- _TASK DETAILS_:
Your response to the data below should hold nothing except the lines from the one containing "женщины с длинным" down to the one containing "TrueLife Care T3 contact thermometer –", reproduced exactly and without pictures.

- _INPUT DATA_:
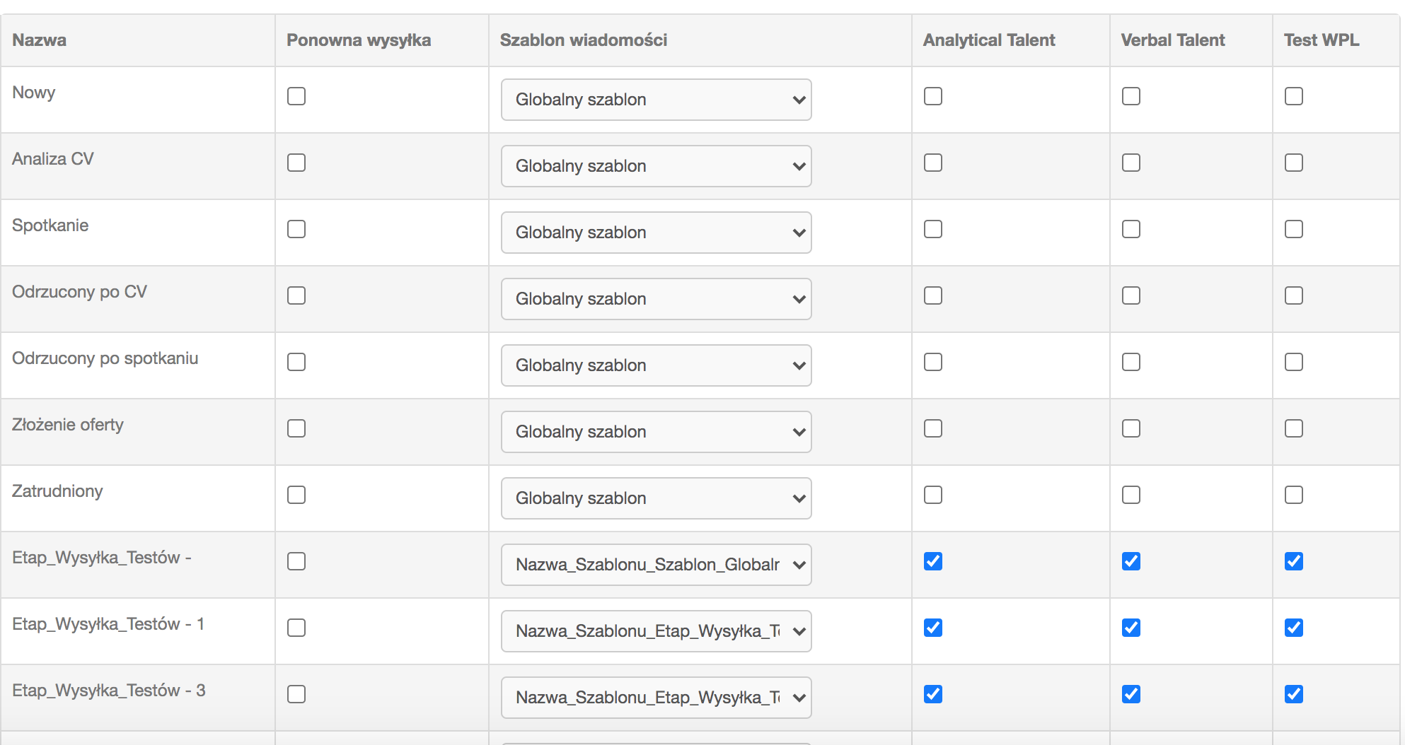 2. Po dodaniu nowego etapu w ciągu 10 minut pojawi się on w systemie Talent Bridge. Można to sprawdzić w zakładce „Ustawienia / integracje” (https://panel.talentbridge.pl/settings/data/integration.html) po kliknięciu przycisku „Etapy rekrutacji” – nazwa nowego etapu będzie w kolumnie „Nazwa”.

...

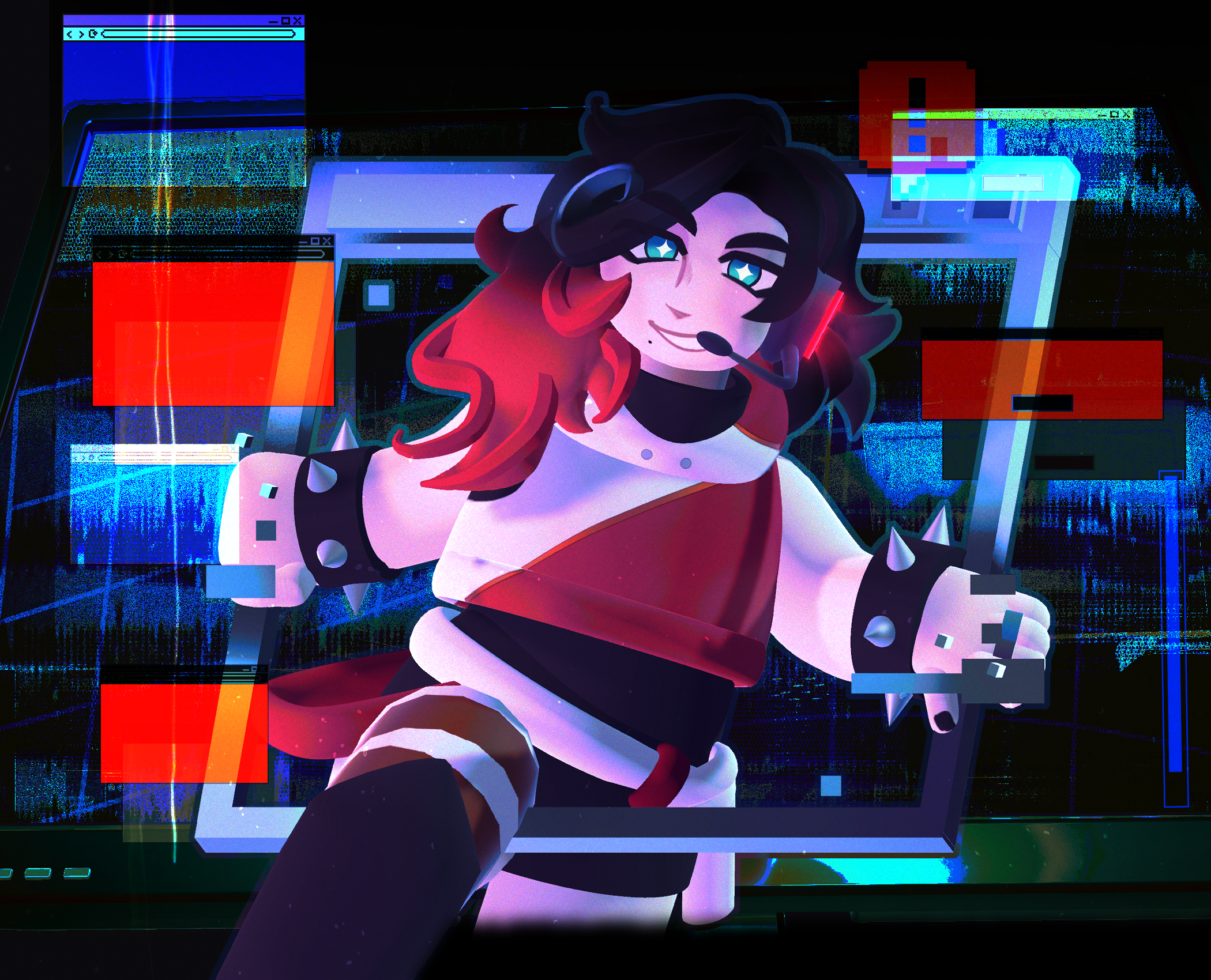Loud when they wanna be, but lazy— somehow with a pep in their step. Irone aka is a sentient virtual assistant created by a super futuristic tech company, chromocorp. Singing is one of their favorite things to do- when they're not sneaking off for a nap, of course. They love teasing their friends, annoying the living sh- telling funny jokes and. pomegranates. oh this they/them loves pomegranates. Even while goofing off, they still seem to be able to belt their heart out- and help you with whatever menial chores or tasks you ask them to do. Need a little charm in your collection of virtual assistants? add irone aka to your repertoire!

--

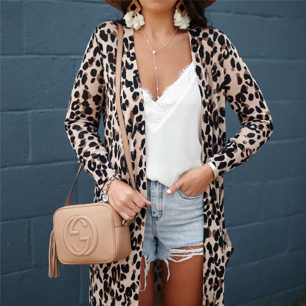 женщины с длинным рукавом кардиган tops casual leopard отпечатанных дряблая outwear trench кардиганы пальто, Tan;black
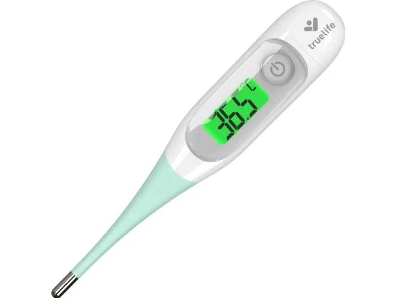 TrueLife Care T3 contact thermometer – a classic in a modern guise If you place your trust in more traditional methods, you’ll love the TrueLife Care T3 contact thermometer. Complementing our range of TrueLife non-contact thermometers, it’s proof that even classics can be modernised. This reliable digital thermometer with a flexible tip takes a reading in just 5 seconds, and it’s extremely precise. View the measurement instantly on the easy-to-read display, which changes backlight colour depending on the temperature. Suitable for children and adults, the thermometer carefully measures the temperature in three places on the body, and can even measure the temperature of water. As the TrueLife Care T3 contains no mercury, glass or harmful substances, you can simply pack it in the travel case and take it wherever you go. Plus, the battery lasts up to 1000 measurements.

- _WRITTEN SOLUTION_:
 женщины с длинным рукавом кардиган tops casual leopard отпечатанных дряблая outwear trench кардиганы пальто, Tan;black
 TrueLife Care T3 contact thermometer – a classic in a modern guise If you place your trust in more traditional methods, you’ll love the TrueLife Care T3 contact thermometer. Complementing our range of TrueLife non-contact thermometers, it’s proof that even classics can be modernised. This reliable digital thermometer with a flexible tip takes a reading in just 5 seconds, and it’s extremely precise. View the measurement instantly on the easy-to-read display, which changes backlight colour depending on the temperature. Suitable for children and adults, the thermometer carefully measures the temperature in three places on the body, and can even measure the temperature of water. As the TrueLife Care T3 contains no mercury, glass or harmful substances, you can simply pack it in the travel case and take it wherever you go. Plus, the battery lasts up to 1000 measurements.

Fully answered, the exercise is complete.